(PROBLEM DESCRIPTION) Your response should contain only the lines running from the top of the data below through the line with "当前位置: 首页 >山西省太原市纹身店-太原翼龙刺青工作室纹身图案>女鬼武士翼龙版本纹身图片_手臂新传统New", both included. Pictures must be omitted.

***** EXCERPTED DATA

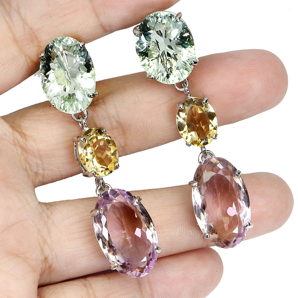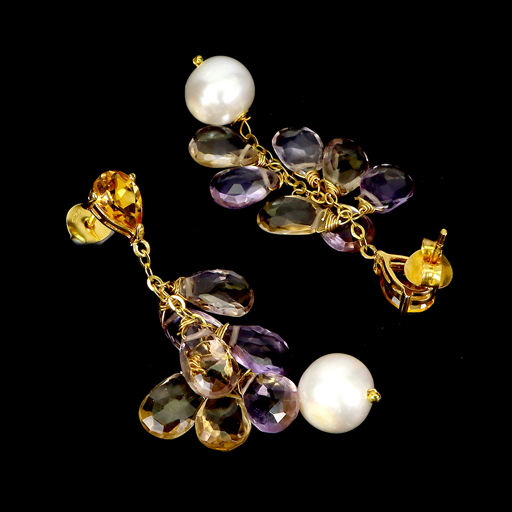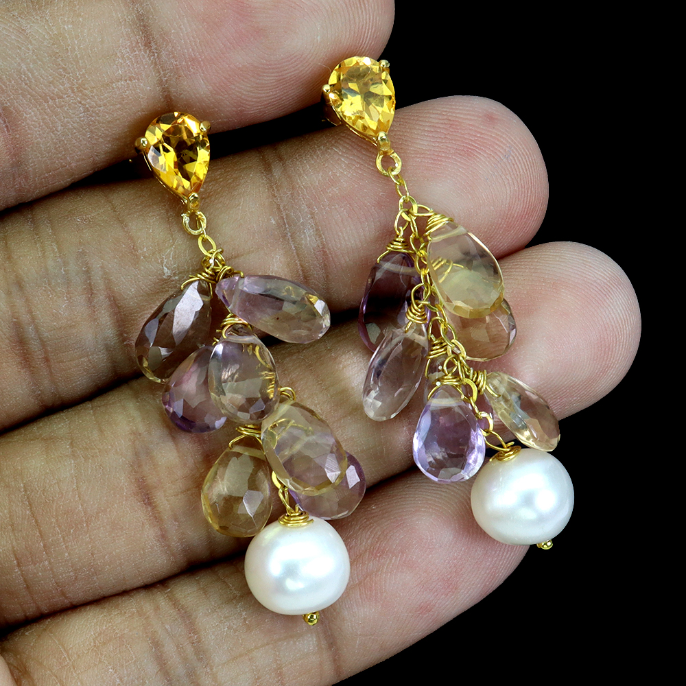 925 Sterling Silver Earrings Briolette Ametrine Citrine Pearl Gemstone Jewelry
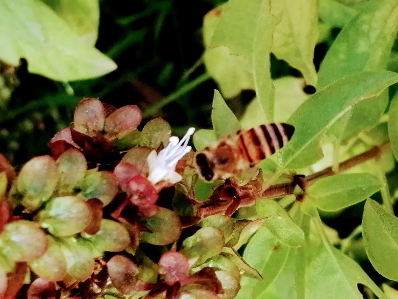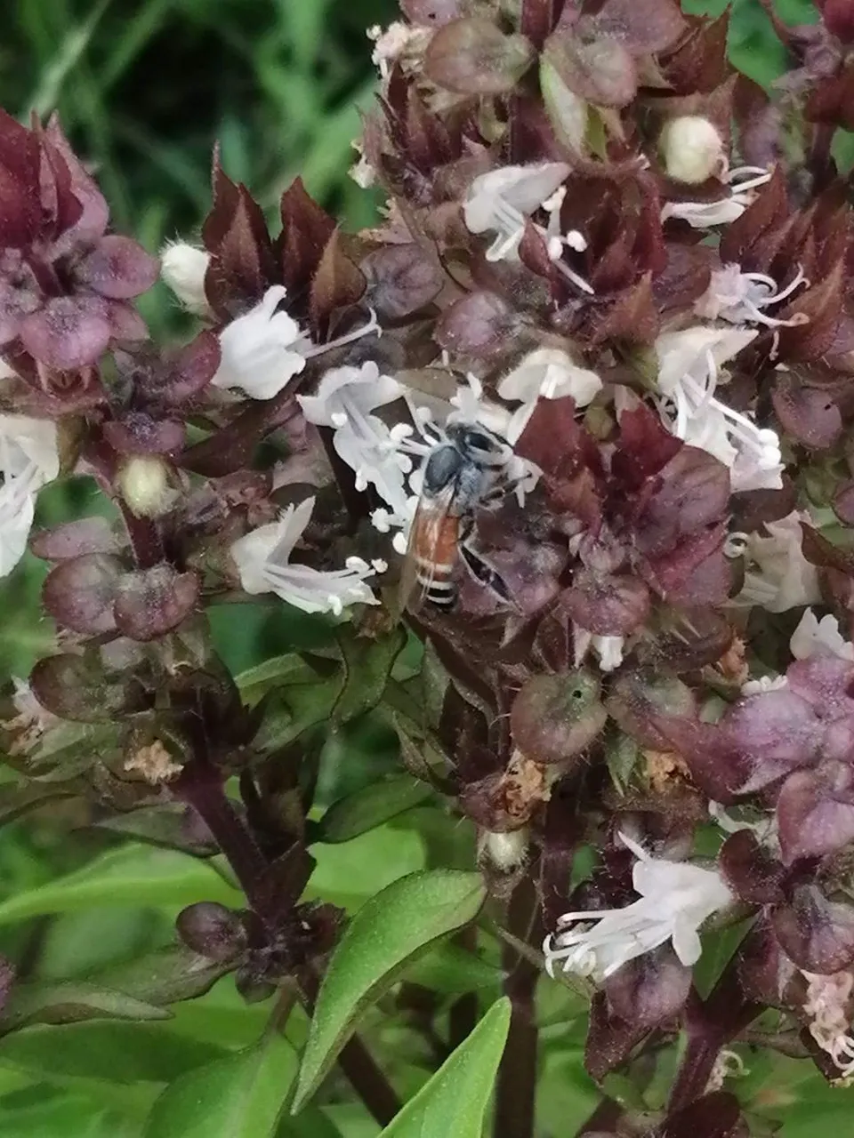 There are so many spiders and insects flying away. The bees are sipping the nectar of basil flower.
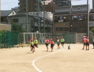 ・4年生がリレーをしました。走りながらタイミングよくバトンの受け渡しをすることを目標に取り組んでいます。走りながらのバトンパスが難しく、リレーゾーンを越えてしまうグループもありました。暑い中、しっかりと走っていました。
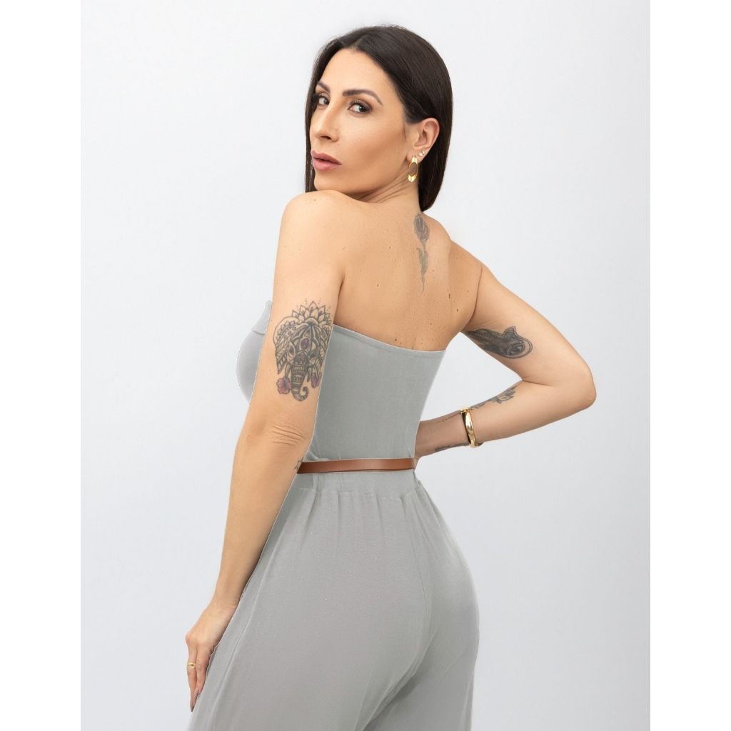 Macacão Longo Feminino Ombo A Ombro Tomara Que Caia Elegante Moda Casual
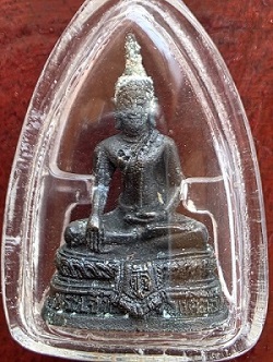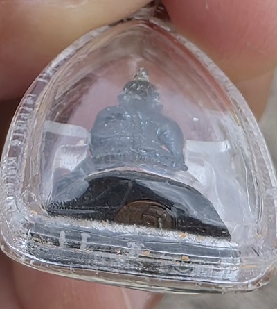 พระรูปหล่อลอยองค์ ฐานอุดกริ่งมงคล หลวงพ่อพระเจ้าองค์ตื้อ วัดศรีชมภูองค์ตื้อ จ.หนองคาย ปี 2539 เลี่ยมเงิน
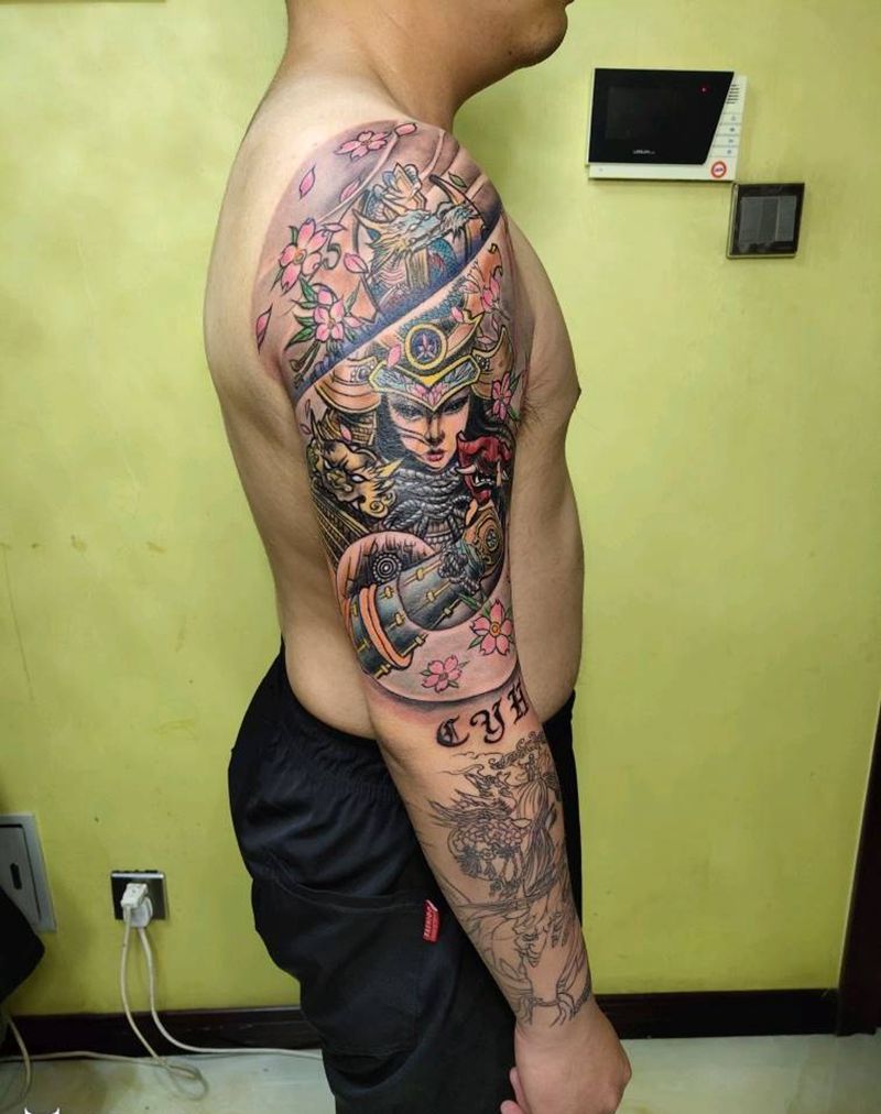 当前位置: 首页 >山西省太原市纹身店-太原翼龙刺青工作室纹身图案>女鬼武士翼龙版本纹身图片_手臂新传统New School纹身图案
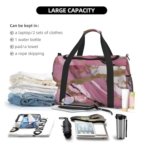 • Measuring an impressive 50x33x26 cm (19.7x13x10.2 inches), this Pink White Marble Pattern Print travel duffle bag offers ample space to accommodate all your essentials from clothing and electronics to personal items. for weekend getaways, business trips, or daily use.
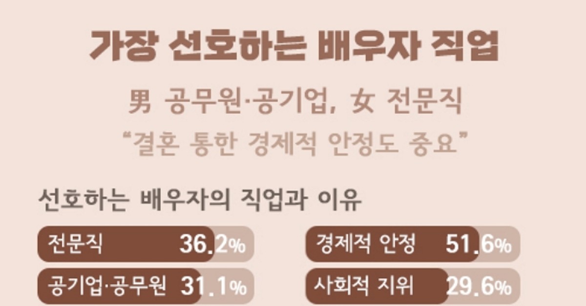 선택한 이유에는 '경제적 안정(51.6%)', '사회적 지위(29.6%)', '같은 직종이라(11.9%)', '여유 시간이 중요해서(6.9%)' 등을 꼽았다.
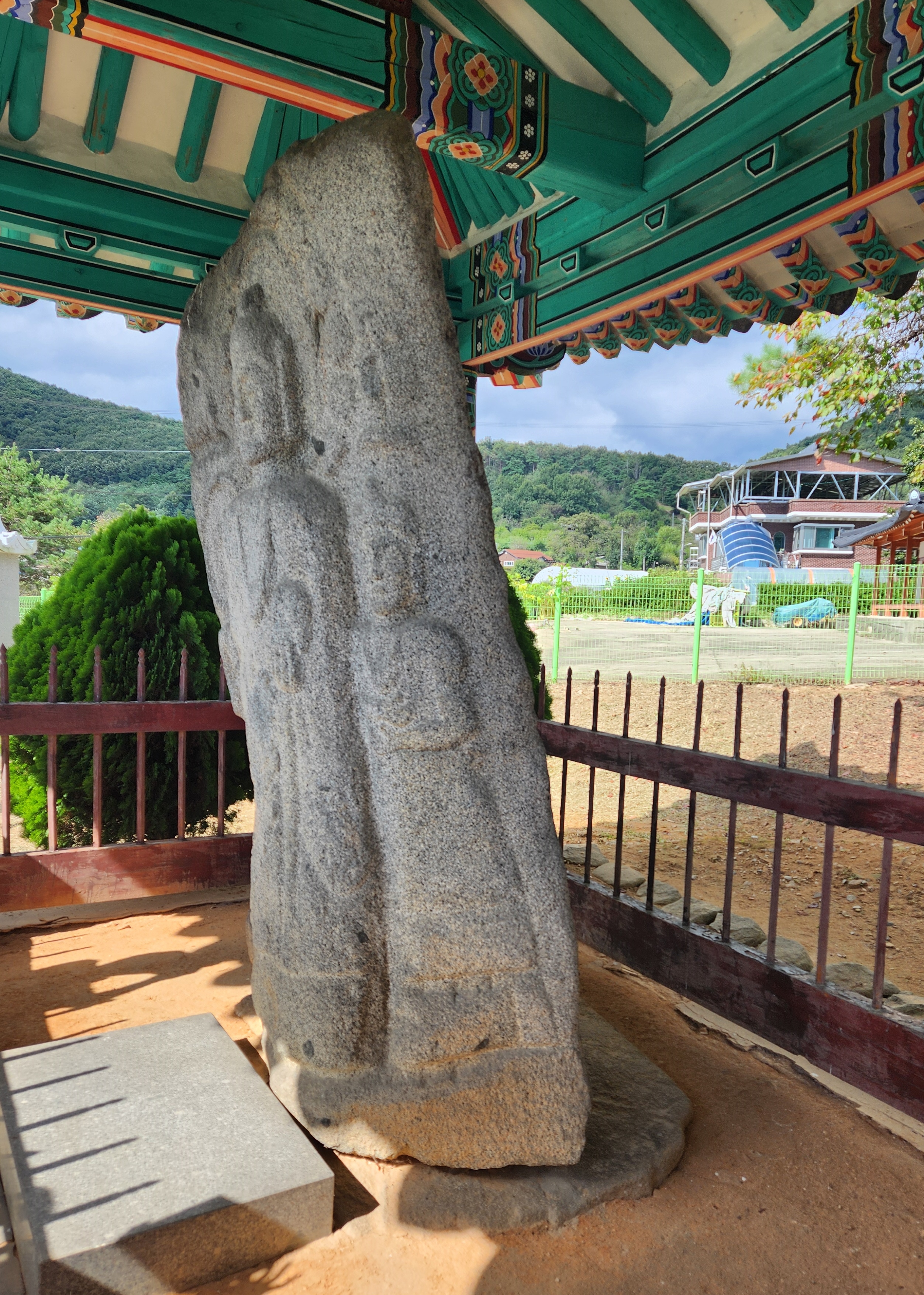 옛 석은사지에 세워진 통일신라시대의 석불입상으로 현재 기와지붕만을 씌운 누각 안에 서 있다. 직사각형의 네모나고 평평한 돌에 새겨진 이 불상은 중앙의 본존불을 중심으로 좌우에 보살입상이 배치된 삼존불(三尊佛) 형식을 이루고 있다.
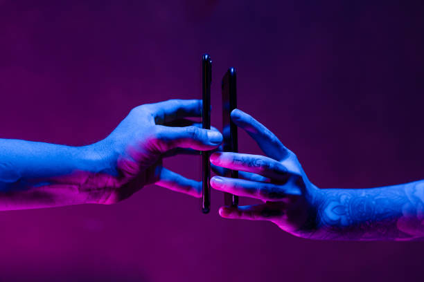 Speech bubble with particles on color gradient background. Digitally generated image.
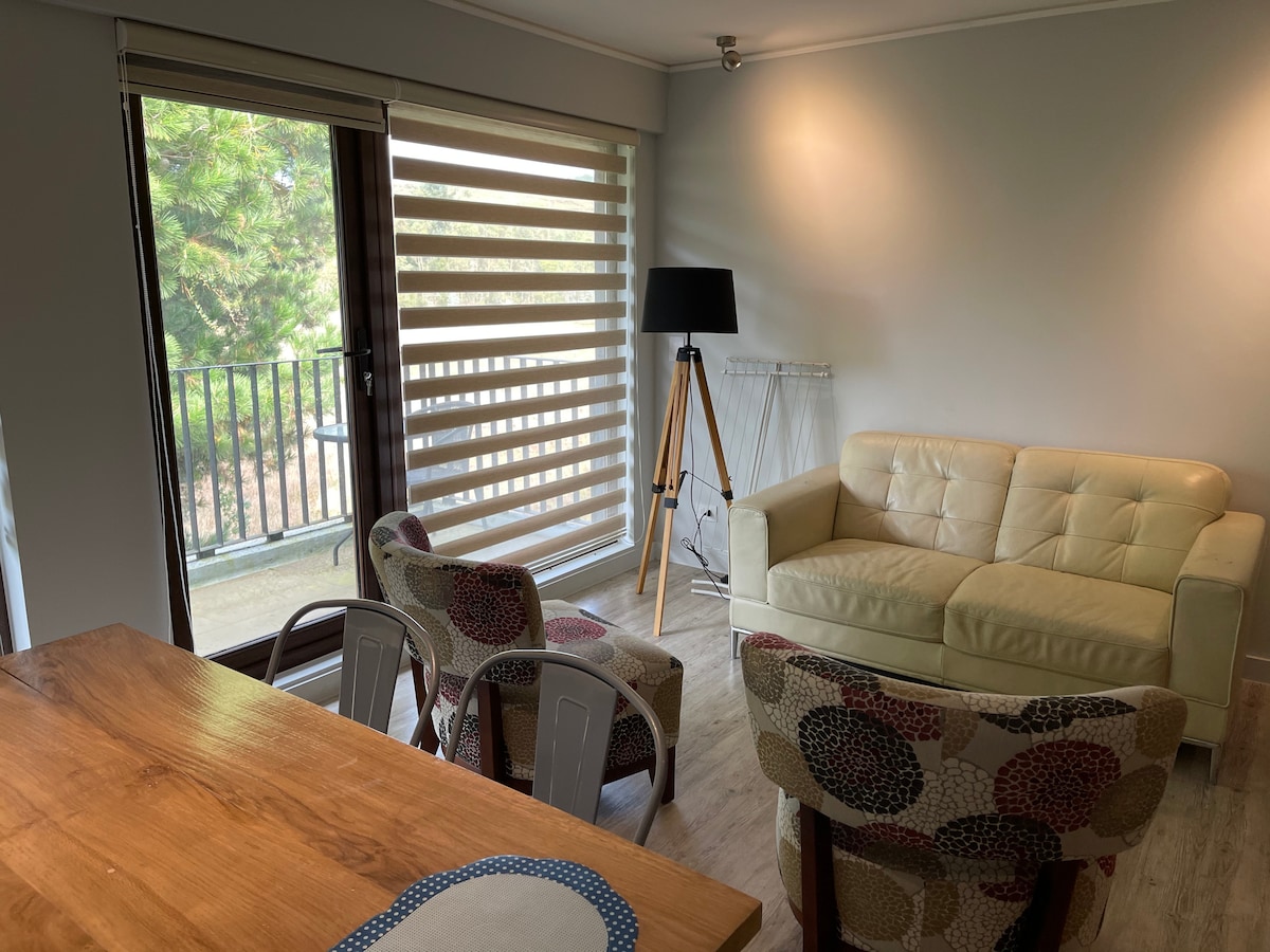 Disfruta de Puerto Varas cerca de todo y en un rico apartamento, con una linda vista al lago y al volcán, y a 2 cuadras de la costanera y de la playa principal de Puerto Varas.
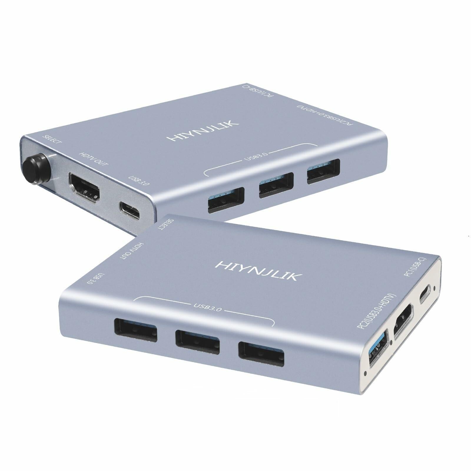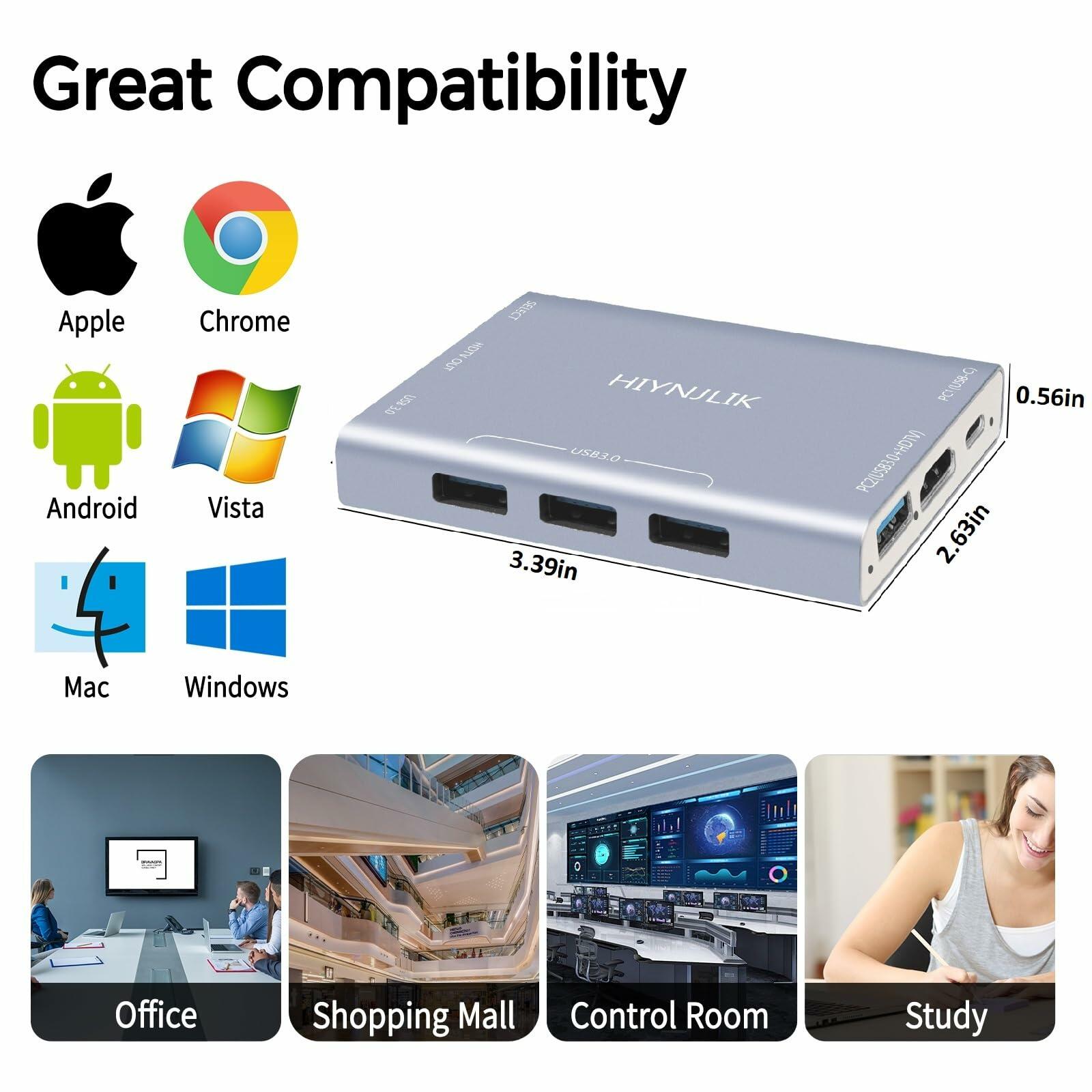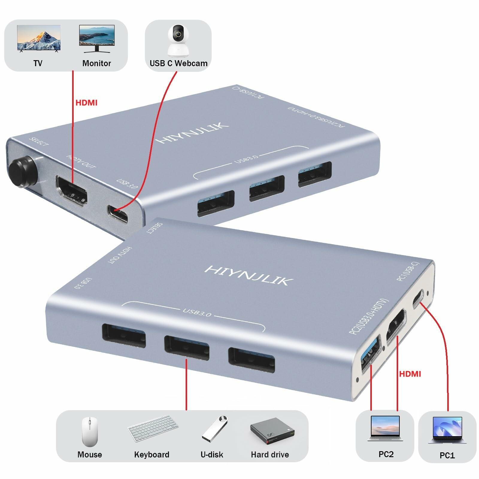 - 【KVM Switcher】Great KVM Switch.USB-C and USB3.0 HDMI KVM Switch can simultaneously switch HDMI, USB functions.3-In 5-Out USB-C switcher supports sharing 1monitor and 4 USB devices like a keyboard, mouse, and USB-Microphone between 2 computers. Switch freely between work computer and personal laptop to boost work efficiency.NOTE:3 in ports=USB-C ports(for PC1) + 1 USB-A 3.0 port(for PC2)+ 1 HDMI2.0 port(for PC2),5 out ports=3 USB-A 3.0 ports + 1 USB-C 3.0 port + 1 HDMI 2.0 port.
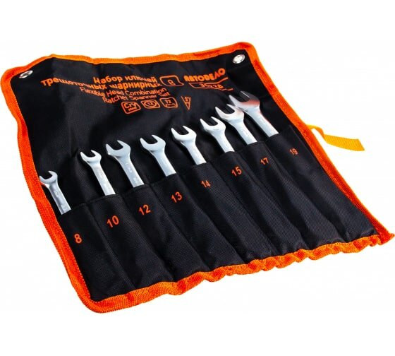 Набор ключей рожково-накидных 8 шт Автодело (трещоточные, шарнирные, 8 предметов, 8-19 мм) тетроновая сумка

**********

(TASK RESULT)
 925 Sterling Silver Earrings Briolette Ametrine Citrine Pearl Gemstone Jewelry
 There are so many spiders and insects flying away. The bees are sipping the nectar of basil flower.
 ・4年生がリレーをしました。走りながらタイミングよくバトンの受け渡しをすることを目標に取り組んでいます。走りながらのバトンパスが難しく、リレーゾーンを越えてしまうグループもありました。暑い中、しっかりと走っていました。
 Macacão Longo Feminino Ombo A Ombro Tomara Que Caia Elegante Moda Casual
 พระรูปหล่อลอยองค์ ฐานอุดกริ่งมงคล หลวงพ่อพระเจ้าองค์ตื้อ วัดศรีชมภูองค์ตื้อ จ.หนองคาย ปี 2539 เลี่ยมเงิน
 当前位置: 首页 >山西省太原市纹身店-太原翼龙刺青工作室纹身图案>女鬼武士翼龙版本纹身图片_手臂新传统New School纹身图案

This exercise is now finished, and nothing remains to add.